The West Virginia House of Delegates is the lower house of the West Virginia Legislature. Only three states—Maryland, Virginia and West Virginia—refer to their lower house as the House of Delegates.

Organization
Regular sessions begin with an organizational day on the second Wednesday of January of each year. The length of regular session is limited to 60 calendar days. The governor can call for special sessions.

Delegates are elected for terms of two years.

Legislative process
Delegates submit bill proposals to the Office of Legislative Services or legislative staff counsel, who draft the bill. Once the bill draft is approved by the delegate, it is submitted for introduction. Bills then undergo committee review and three readings in the house of origin and then the other house of the state legislature.

An unusual feature of the West Virginia legislative process is that revenue bills can originate in either house. The state constitution also prohibits multiple subjects in a single bill.

If approved by both the West Virginia House of Delegates and the West Virginia Senate, bills are submitted to the governor, who may sign them into law or veto them.
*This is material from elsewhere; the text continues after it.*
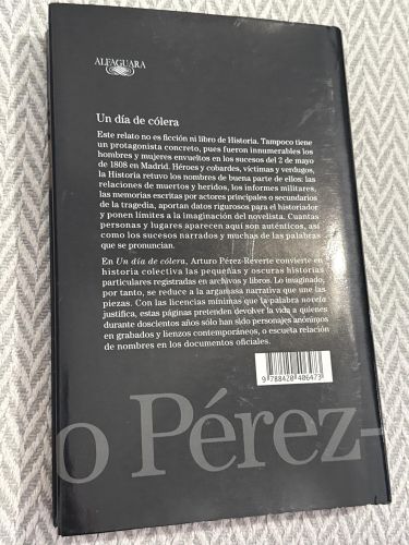 Un día de cólera de Arturo Pérez-Reverte es una novela histórica que recrea el levantamiento del 2 de mayo de 1808 en Madrid contra las tropas napoleónicas. A partir de numerosos personajes reales y anónimos, la obra reconstruye de forma coral y documentada los acontecimientos de ese día, mostrando la violencia, el heroísmo y el caos de la insurrección popular.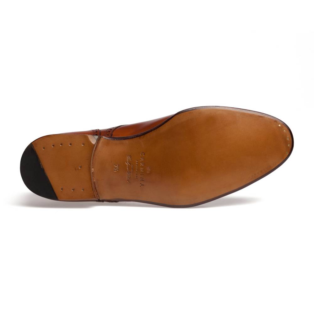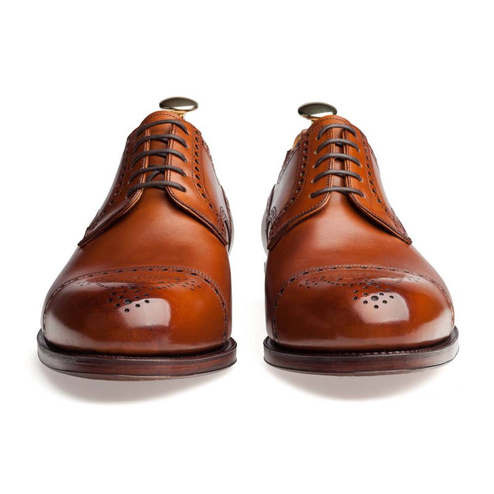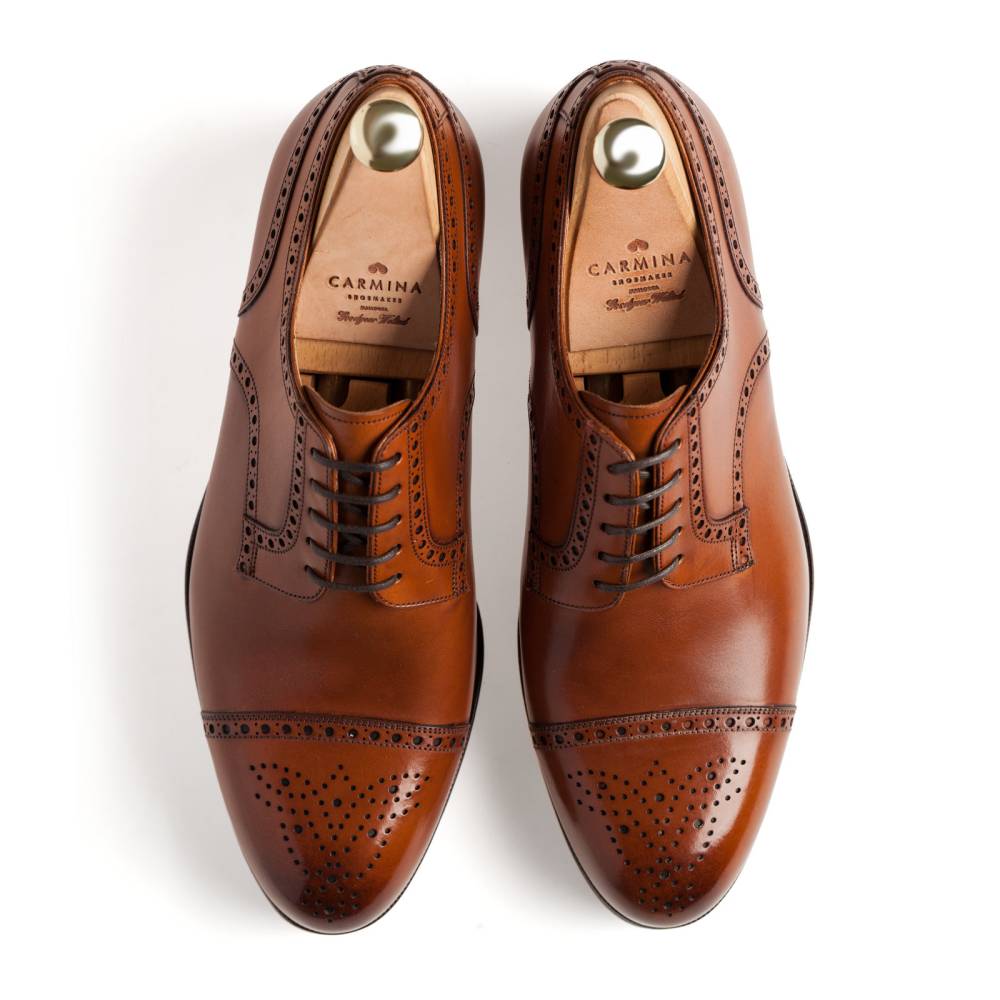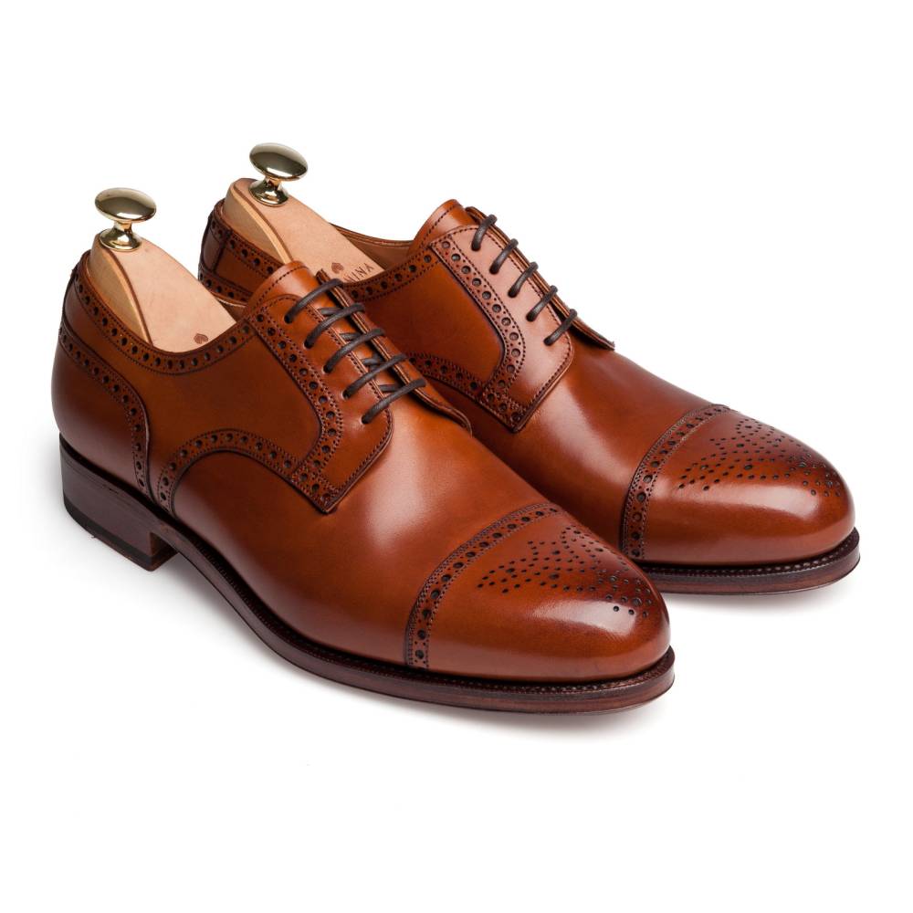 Дерби полуброги от испанской фирмы Carmina благородного коньячного цвета. Верх модели выполнен из высококачественной телячьей кожи. Туфли представляют собой традиционный австрийский тип обуви «Alt Wien» (Старая Вена), с характерным для него медальоном на мысе и перфорацией на берцах. Кожаная подошва. Конструкция Goodyear Welted.

State legislators can override the governor's veto of bills with a simple majority vote of both houses, unless the bill is a revenue bill, in which case two-thirds of the members elected to each house are required to override the governor's veto or line-item veto.

Membership

Historical

District organization

Prior to the 1970 Census, districts always respected county lines, with districts always consisting of either a single entire county, or several entire counties.  Beginning with that year, the state began to use smaller geographic areas.

In response to the 2010 Census, the Legislature was required to redistrict, with the Democratic Party in control.  The Republican Party, and groups from the growing eastern panhandle and Putnam County were among those calling for 100 single member districts.  Eventually redistricting was adopted, which divided the state into 67 districts, of which 47 were one-member districts, 11 two-member districts, 6 three-member districts, 2 four-member districts, and 1 five-member district. The five-member district, covering most of Monongalia County, remained among the ten largest multi-member lower house districts in the country.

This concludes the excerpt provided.